**What you will do**
Please give back each line below unchanged; none of the pictures should appear.

Start of Block

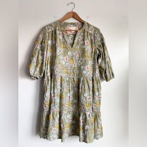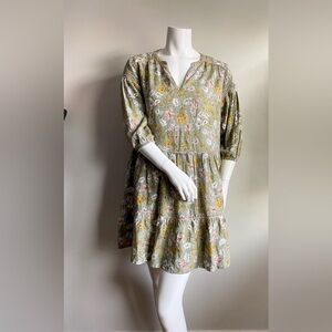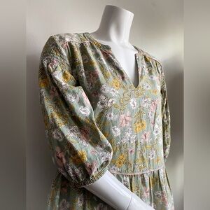 Cynthia Rowley Linen Babydoll Dress Puff Sleeves Floral Boho Green Pink Resort M
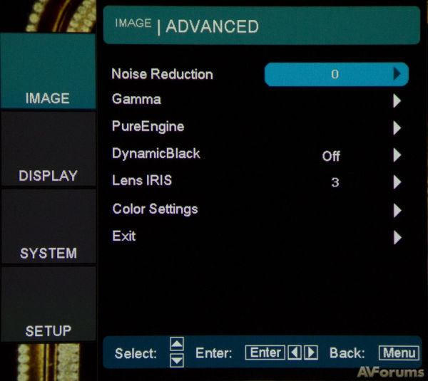 Рассматривая возможности настройки HD87, отметим, что проектор разработан для использования с постоянным размером изображения по высоте экрана. Это означает, что его можно использовать на экране обычного формата для просмотра Blu-ray дисков формата 2,40:1, при этом не будет черных полос сверху и снизу изображения. В этом случае можно дополнительно купить настраиваемый анаморфотный объектив BX-AL133, который имеет планшайбу для крепления в проекторе, и систему перемещения линзы между положением для широкоэкранного формата 2,40:1 и для стандартного киноформата 1,85:1. Система перемещения управляется с 12 В выхода на задней панели проектора и позволяет автоматически настраивать линзу при смене формата изображения, а второй выход на задней панели может управлять экраном, если в вашей системе есть такая опция.
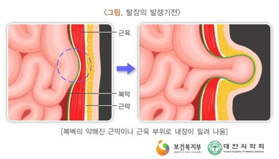 이는 복벽에 국소적으로 약화된 틈새를 통해
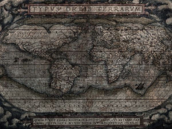 Eine Weltkarte in Latein auf Fototapete. Kombinieren Sie diese Tapete in Ihrer Wohnung und schaffen Sie noch mehr Atmosphäre.
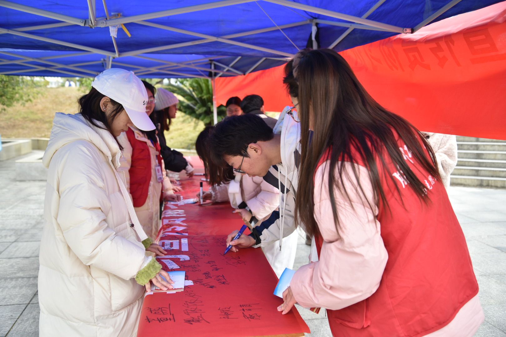 活动现场,工作人员精心布置宣传展区。志愿者们化身“宪法宣传员”,向来往师生发放宪法知识手册,并结合案例讲解宪法在日常生活中的应用场景,细致解答大家关于法律维权、权利保障等方面的疑问。通过志愿者们的宣传,不少师生在主题横幅上郑重签名,表达尊法、学法、守法、用法的坚定信念。宪法作为国家的根本大法,是治国安邦的总章程,是保障公民权利的根本遵循,更是凝聚民族力量、推动国家发展的法治根基。当代师生作为新时代的建设者和接班人,学习宪法、尊崇宪法、践行宪法是义不容辞的责任与使命,然后更应积极投身社会主义法治建设,为推进依法治国贡献力量。
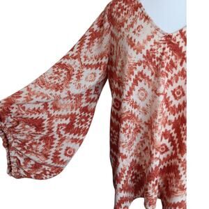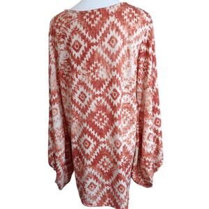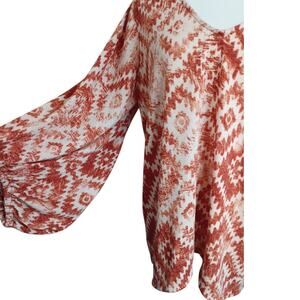BEESON RIVER Sweater Top Plus 2X Light V-Neck Southwestern Aztec Rust Orange
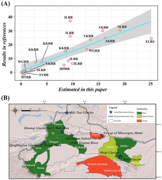 In this paper, scientific references were selected via systematic searches of keywords including the name of each watershed, “glacier runoff”, and “meltwater runoff” using the websites of academic journals (Science Direct, Web of Knowledge, China National Knowledge Infrastructure) to compare the estimated values of the GR obtained in this paper. In total, only 11 of the 22 glacier-derived basins in the DAC [,,,,,,,,,,,] had reference numerical values and GR tendencies [,] for the other three watersheds, as shown in Figure 9. Based on these studies, reference numeric values were classified as the GR recharge percentage (four basins), the GR growth rate (four basins), and GR (five basins). The ratio of our results and reference values for the DAC was 0.67. The MR in the HMB showed a slight decreasing trend consistent with our estimate. Hydrological stations in the WQB and EQB showed a sudden change in runoff in 2004, and our estimates show that the turning points of the MR in the EQB and WQB occurred in 2001 and 2002, respectively [].
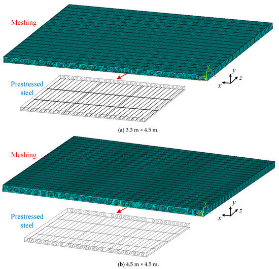 Concrete is simulated using the Solid 65 unit; reinforcement and prestressing tendons are simulated using the Link 180 unit. It is assumed that the reinforcements are bonded well to the concrete and there is no slippage. Due to the symmetry of the hollow-core slab, a 2D mesh can be generated by first generating a 2D mesh and then sweeping it to generate a 3D version. The number of discretized elements for the 3.3 m × 4.5 m slab and 4.5 m × 4.5 m slab are 18,200 and 26,700, respectively. Both hollow-core slabs had 27 holes and 30 prestressing steel wires. Different numbers of prestressing steel strands were used for the two kinds of hollow-core slabs, with two bundles for the 3.3 m × 4.5 m slab and three bundles for the 4.5 m × 4.5 m slab.
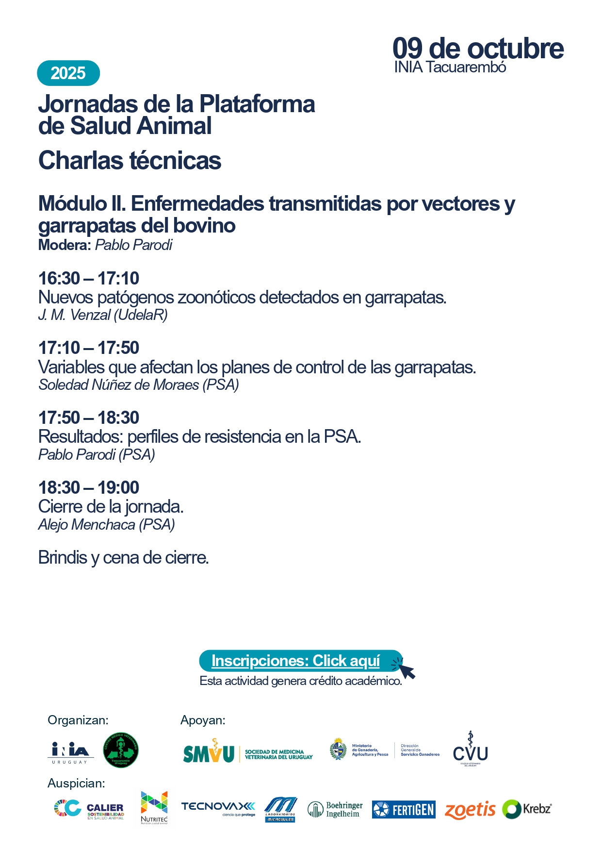 El segundo bloque comenzará con la presentación del Dr. José Manuel Venzal (Universidad de la República), quien pondrá foco en investigaciones recientes que detectaron nuevas enfermedades trasmitidas por las garrapatas. Le seguirá la Dra. Soledad Núñez (INIA), quien compartirá algunos factores que inciden positiva y negativamente en las campañas sanitarias contra la garrapata, y resultados de una encuesta realizada en la materia.
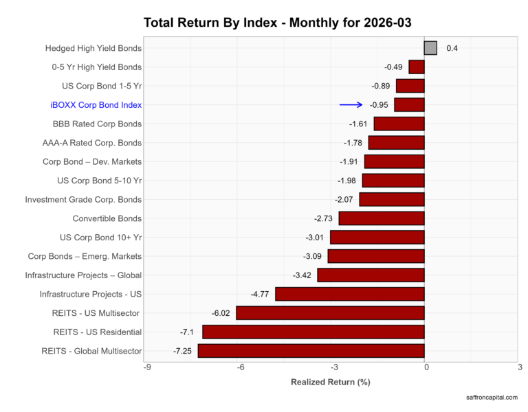 March hit rate-sensitive income assets as yields moved higher. First, REITs led the downside. Global REITs fell -7.25%, and US Residential REITs dropped -7.1%, while US Multisector REITs declined -6.02%. Infrastructure also pulled back, with US projects down -4.77% and global projects off -3.42%. Core credit held up better but still lost ground. The iBOXX Corporate Bond Index fell -0.95%, with investment grade at -2.07% and 10+ year corporates down -3.01%. In contrast, hedged high yield gained +0.4%, showing resilience in shorter-duration, spread-driven credit. Overall, rising rates pressured duration-heavy income sectors despite stable credit spreads.
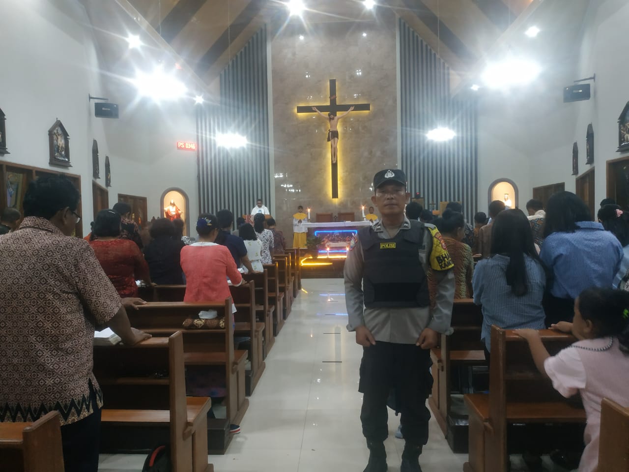 Sebagai Pelayan Masyarakat, Bhabinkamtibmas Laksanakan Pengamanan Gereja
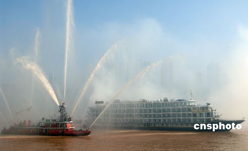 圖:重慶舉行內(nèi)河旅游客輪火災(zāi)撲救演習(xí)

End of Block

**Result of the exercise**
 Cynthia Rowley Linen Babydoll Dress Puff Sleeves Floral Boho Green Pink Resort M
 Рассматривая возможности настройки HD87, отметим, что проектор разработан для использования с постоянным размером изображения по высоте экрана. Это означает, что его можно использовать на экране обычного формата для просмотра Blu-ray дисков формата 2,40:1, при этом не будет черных полос сверху и снизу изображения. В этом случае можно дополнительно купить настраиваемый анаморфотный объектив BX-AL133, который имеет планшайбу для крепления в проекторе, и систему перемещения линзы между положением для широкоэкранного формата 2,40:1 и для стандартного киноформата 1,85:1. Система перемещения управляется с 12 В выхода на задней панели проектора и позволяет автоматически настраивать линзу при смене формата изображения, а второй выход на задней панели может управлять экраном, если в вашей системе есть такая опция.
 이는 복벽에 국소적으로 약화된 틈새를 통해
 Eine Weltkarte in Latein auf Fototapete. Kombinieren Sie diese Tapete in Ihrer Wohnung und schaffen Sie noch mehr Atmosphäre.
 活动现场,工作人员精心布置宣传展区。志愿者们化身“宪法宣传员”,向来往师生发放宪法知识手册,并结合案例讲解宪法在日常生活中的应用场景,细致解答大家关于法律维权、权利保障等方面的疑问。通过志愿者们的宣传,不少师生在主题横幅上郑重签名,表达尊法、学法、守法、用法的坚定信念。宪法作为国家的根本大法,是治国安邦的总章程,是保障公民权利的根本遵循,更是凝聚民族力量、推动国家发展的法治根基。当代师生作为新时代的建设者和接班人,学习宪法、尊崇宪法、践行宪法是义不容辞的责任与使命,然后更应积极投身社会主义法治建设,为推进依法治国贡献力量。
BEESON RIVER Sweater Top Plus 2X Light V-Neck Southwestern Aztec Rust Orange
 In this paper, scientific references were selected via systematic searches of keywords including the name of each watershed, “glacier runoff”, and “meltwater runoff” using the websites of academic journals (Science Direct, Web of Knowledge, China National Knowledge Infrastructure) to compare the estimated values of the GR obtained in this paper. In total, only 11 of the 22 glacier-derived basins in the DAC [,,,,,,,,,,,] had reference numerical values and GR tendencies [,] for the other three watersheds, as shown in Figure 9. Based on these studies, reference numeric values were classified as the GR recharge percentage (four basins), the GR growth rate (four basins), and GR (five basins). The ratio of our results and reference values for the DAC was 0.67. The MR in the HMB showed a slight decreasing trend consistent with our estimate. Hydrological stations in the WQB and EQB showed a sudden change in runoff in 2004, and our estimates show that the turning points of the MR in the EQB and WQB occurred in 2001 and 2002, respectively [].
 Concrete is simulated using the Solid 65 unit; reinforcement and prestressing tendons are simulated using the Link 180 unit. It is assumed that the reinforcements are bonded well to the concrete and there is no slippage. Due to the symmetry of the hollow-core slab, a 2D mesh can be generated by first generating a 2D mesh and then sweeping it to generate a 3D version. The number of discretized elements for the 3.3 m × 4.5 m slab and 4.5 m × 4.5 m slab are 18,200 and 26,700, respectively. Both hollow-core slabs had 27 holes and 30 prestressing steel wires. Different numbers of prestressing steel strands were used for the two kinds of hollow-core slabs, with two bundles for the 3.3 m × 4.5 m slab and three bundles for the 4.5 m × 4.5 m slab.
 El segundo bloque comenzará con la presentación del Dr. José Manuel Venzal (Universidad de la República), quien pondrá foco en investigaciones recientes que detectaron nuevas enfermedades trasmitidas por las garrapatas. Le seguirá la Dra. Soledad Núñez (INIA), quien compartirá algunos factores que inciden positiva y negativamente en las campañas sanitarias contra la garrapata, y resultados de una encuesta realizada en la materia.
 March hit rate-sensitive income assets as yields moved higher. First, REITs led the downside. Global REITs fell -7.25%, and US Residential REITs dropped -7.1%, while US Multisector REITs declined -6.02%. Infrastructure also pulled back, with US projects down -4.77% and global projects off -3.42%. Core credit held up better but still lost ground. The iBOXX Corporate Bond Index fell -0.95%, with investment grade at -2.07% and 10+ year corporates down -3.01%. In contrast, hedged high yield gained +0.4%, showing resilience in shorter-duration, spread-driven credit. Overall, rising rates pressured duration-heavy income sectors despite stable credit spreads.
 Sebagai Pelayan Masyarakat, Bhabinkamtibmas Laksanakan Pengamanan Gereja
 圖:重慶舉行內(nèi)河旅游客輪火災(zāi)撲救演習(xí)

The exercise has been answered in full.